The Moz Q&A Forum

    • Forum
    • Questions
    • My Q&A
    • Users
    • Ask the Community

    Welcome to the Q&A Forum

    Browse the forum for helpful insights and fresh discussions about all things SEO.

    1. SEO and Digital Marketing Q&A Forum
    2. Categories
    3. Intermediate & Advanced SEO
    4. Crawl and Indexation Error - Googlebot can't/doesn't access specific folders on microsites

    Crawl and Indexation Error - Googlebot can't/doesn't access specific folders on microsites

    Intermediate & Advanced SEO
    2 2 87
    • Oldest to Newest
    • Newest to Oldest
    • Most Votes
    Reply
    • Reply as question
    Log in to reply
    This topic has been deleted. Only users with topic management privileges can see it.
    • ImpericMedia
      ImpericMedia last edited by

      Hi,

      My first time posting here, I am just looking for some feedback on a indexation issue we have with a client and any feedback on possible next steps or items I may have overlooked.

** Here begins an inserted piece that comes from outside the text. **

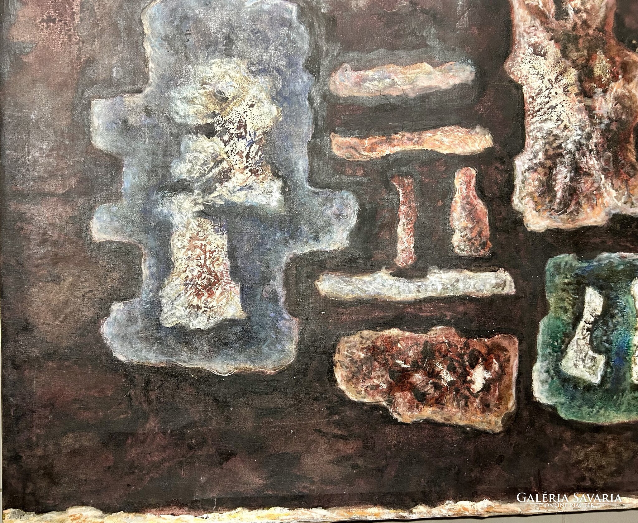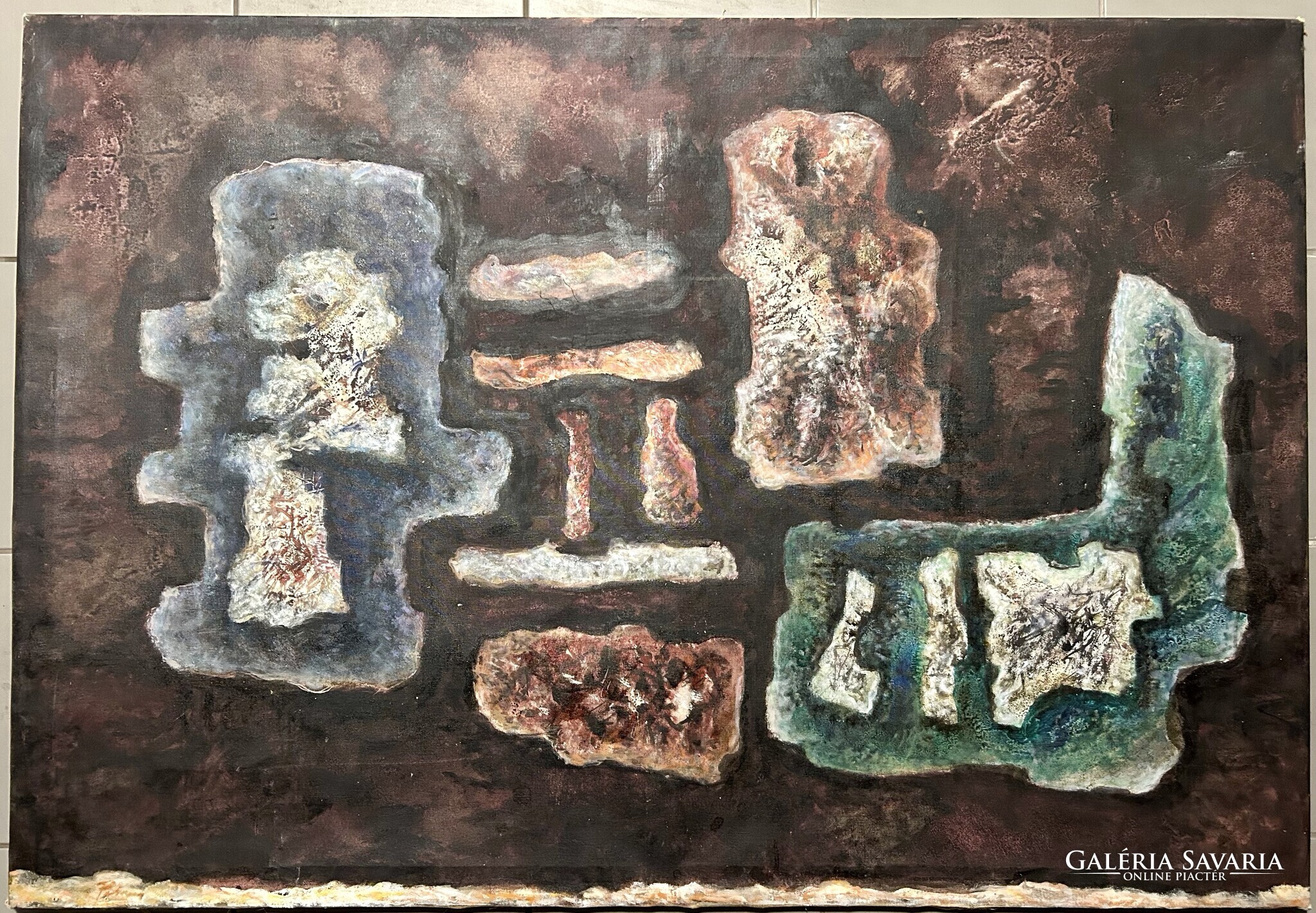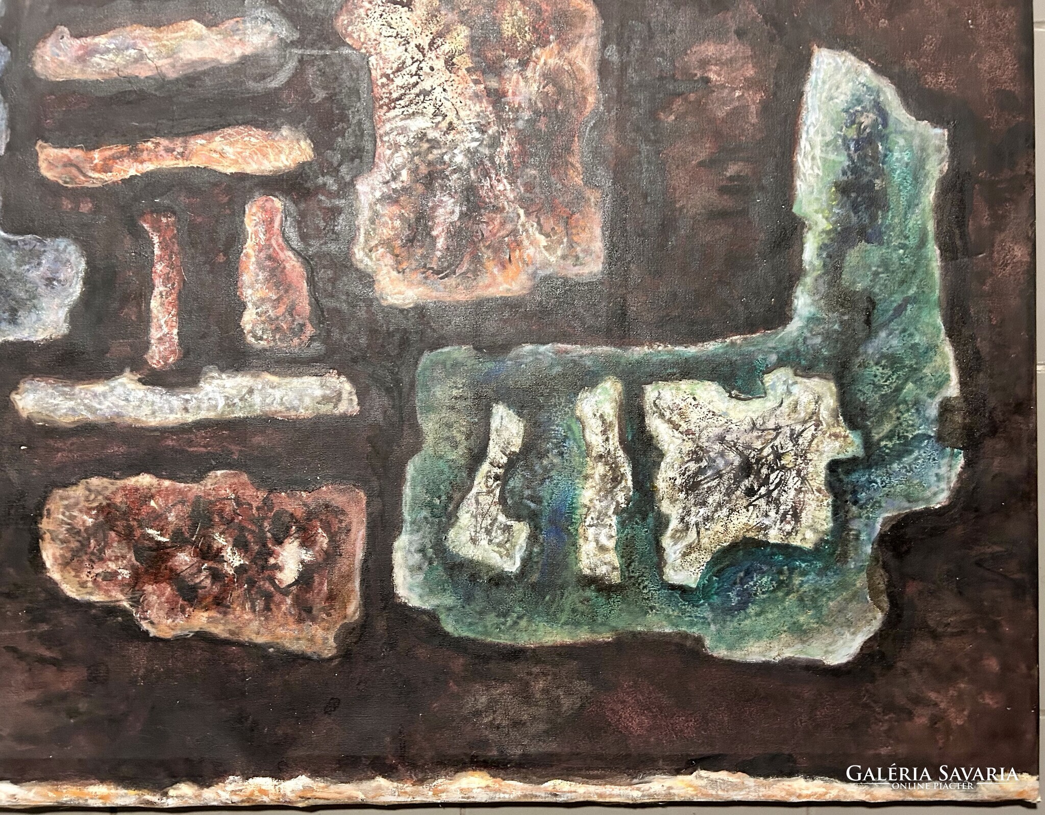 Nagy méretű, földszínekkel megfestett alkotás, keret nincs.

      To give some background, our client operates a website for the core band and a also a number of microsites based on specific business units, so you have corewebsite.com along with bu1.corewebsite.com, bu2.corewebsite.com.

      The content structure isn't ideal, as each microsite follows a structure of bu1.corewebsite.com/bu1/home.aspx, bu2.corewebsite.com/bu2/home.aspx and so on.

      In addition to this each microsite has duplicate folders from the other microsites so bu1.corewebsite.com has indexable folders bu1.corewebsite.com/bu1/home.aspx but also bu1.corewebsite.com/bu2/home.aspx the same with bu2.corewebsite.com has bu2.corewebsite.com/bu2/home.aspx but also bu2.corewebsite.com/bu1/home.aspx. Therre are 5 different business units so you have this duplicate content scenario for all microsites.

      This situation is being addressed in the medium term development roadmap and will be rectified in the next iteration of the site but that is still a ways out.

      The issue
      About 6 weeks ago we noticed a drop off in search rankings for two of our microsites (bu1.corewebsite.com and bu2.corewebsite.com) over a period of 2-3 weeks pretty much all our terms dropped out of the rankings and search visibility dropped to essentially 0.

      I can see that pages from the websites are still indexed but oddly it is the duplicate content pages so (bu1.corewebsite.com/bu3/home.aspx or (bu1.corewebsite.com/bu4/home.aspx is still indexed, similiarly on the bu2.corewebsite microsite bu2.corewebsite.com/bu3/home.aspx and bu4.corewebsite.com/bu3/home.aspx are indexed but no pages from the BU1 or BU2 content directories seem to be indexed under their own microsites.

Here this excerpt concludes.